The total comments on ask posts:  94986
The average number of comments on ask posts:  13.744175951381855


In [26]:
total_show_comments = 0
for row in show_posts:
    num_comments = int(row[4])
    total_show_comments += num_comments
    
avg_show_comments = total_show_comments/len(show_posts)

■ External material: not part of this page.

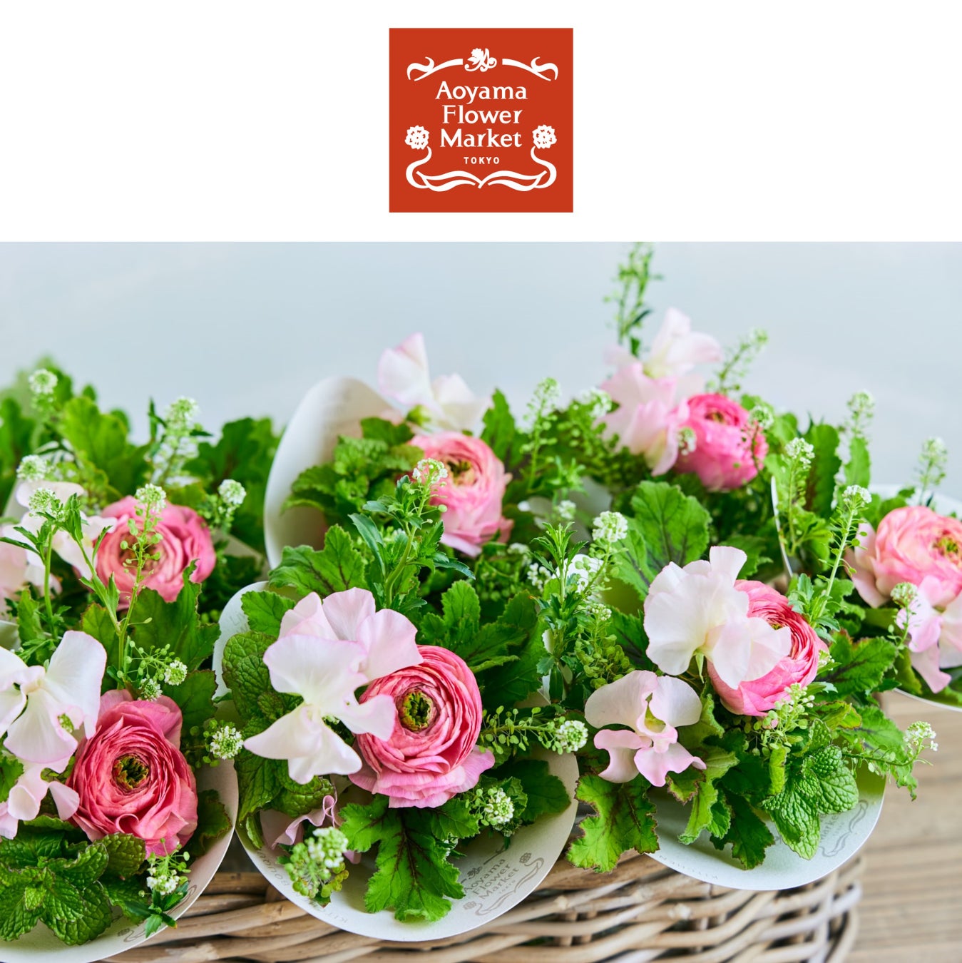 生活のシーンごとにご用意した青山フラワーマーケットの定番商品。季節の花を中心に束ねた、日々の暮らしに取り入れやすい小さなブーケです。グラスブーケ495円、キッチンブーケ660円、ダイニングブーケ935円の3種類を展開。

print('The total comments on show posts: ', total_show_comments)
print('The average number of comments on show posts: ', avg_show_comments)

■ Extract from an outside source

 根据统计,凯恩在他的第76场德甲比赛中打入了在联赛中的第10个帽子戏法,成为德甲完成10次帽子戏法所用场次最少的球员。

The total comments on show posts:  49633
The average number of comments on show posts:  9.810832180272781


**According to the above analysis:** 
  - It is seen that ask posts receive more comments than show posts. 

In [27]:
import datetime as dt

In [28]:
result_list = []
for row in ask_posts:
    temp = [row[6], int(row[4])]
    result_list.append(temp)

Next, we'll use these two dictionaries to calculate the average number of comments for posts created during each hour of the day.

In [29]:
counts_by_hour = {} #  contains the number of ask posts created during each hour of the day.
comments_by_hour = {} # contains the corresponding number of comments ask posts created at each hour received.

for row in result_list:
    date, time = row[0].split()
    
    hour, minutes = time.split(':') 
    month, day, year = date.split('/')
    date = dt.datetime(int(year), int(month),int(day))
    #date = datetime.strftime()
    if hour not in counts_by_hour.keys(): 
        counts_by_hour[hour] = 1
        comments_by_hour[hour] = row[1]
    else: 
        counts_by_hour[hour] += 1
        comments_by_hour[hour] += row[1]

We calculated the average number of comments for posts created during each hour of the day, and stored the results in a list of lists named avg_by_hour.

In [30]:
avg_by_hour = []
for hour, count in counts_by_hour.items():
    avg_by_hour.append([hour,comments_by_hour[hour]/count])
print(avg_by_hour)

[['2', 13.198237885462555], ['1', 9.367713004484305], ['22', 11.749128919860627], ['21', 11.056511056511056], ['19', 9.414285714285715], ['17', 13.73019801980198], ['15', 39.66809421841542], ['14', 13.153439153439153], ['13', 22.2239263803681], ['11', 11.143426294820717], ['10', 13.757990867579908], ['9', 8.392045454545455], ['7', 10.095541401273886], ['3', 10.160377358490566], ['16', 10.76144578313253], ['8', 12.43157894736842], ['0', 9.857142857142858], ['23', 8.322463768115941], ['20', 11.38265306122449], ['18', 10.789823008849558], ['12', 15.452554744525548], ['4', 12.688172043010752], ['6', 9.017045454545455], ['5', 11.139393939393939]]


In [31]:
swap_avg_by_hour = []
for row in avg_by_hour:
    swap_avg_by_hour.append([row[1],row[0]])
sorted_swap = sorted(swap_avg_by_hour,  reverse = True)

In [33]:
sorted_swap

[[39.66809421841542, '15'],
 [22.2239263803681, '13'],
 [15.452554744525548, '12'],
 [13.757990867579908, '10'],
 [13.73019801980198, '17'],
 [13.198237885462555, '2'],
 [13.153439153439153, '14'],
 [12.688172043010752, '4'],
 [12.43157894736842, '8'],
 [11.749128919860627, '22'],
 [11.38265306122449, '20'],
 [11.143426294820717, '11'],
 [11.139393939393939, '5'],
 [11.056511056511056, '21'],
 [10.789823008849558, '18'],
 [10.76144578313253, '16'],
 [10.160377358490566, '3'],
 [10.095541401273886, '7'],
 [9.857142857142858, '0'],
 [9.414285714285715, '19'],
 [9.367713004484305, '1'],
 [9.017045454545455, '6'],
 [8.392045454545455, '9'],
 [8.322463768115941, '23']]

In [32]:
print('Top 5 Hours for Ask Posts Comments:')    
for value in sorted_swap[:5]:
    time = dt.datetime.strptime(value[1] + ':00',"%H:%M")
    a = time.strftime("%H:%M")
    string = '{}: {:.2f} average comments per post'
    print(string.format(a, value[0]))

Top 5 Hours for Ask Posts Comments:
15:00: 39.67 average comments per post
13:00: 22.22 average comments per post
12:00: 15.45 average comments per post
10:00: 13.76 average comments per post
17:00: 13.73 average comments per post


**According to above the analysis:**
 - 13:00 and 15:00 are the time frames that you should create your ask post because of the highest number of receiving comments, especially at the 15:00 time frame. By contrast, you need to avoid posting at the 9:00 and 23:00 time frames.
 
 -  Moreover, this dataset was collected in the US, so if you want to create the ask post when you live in Viet Nam, the most suitable time frame is 2:00.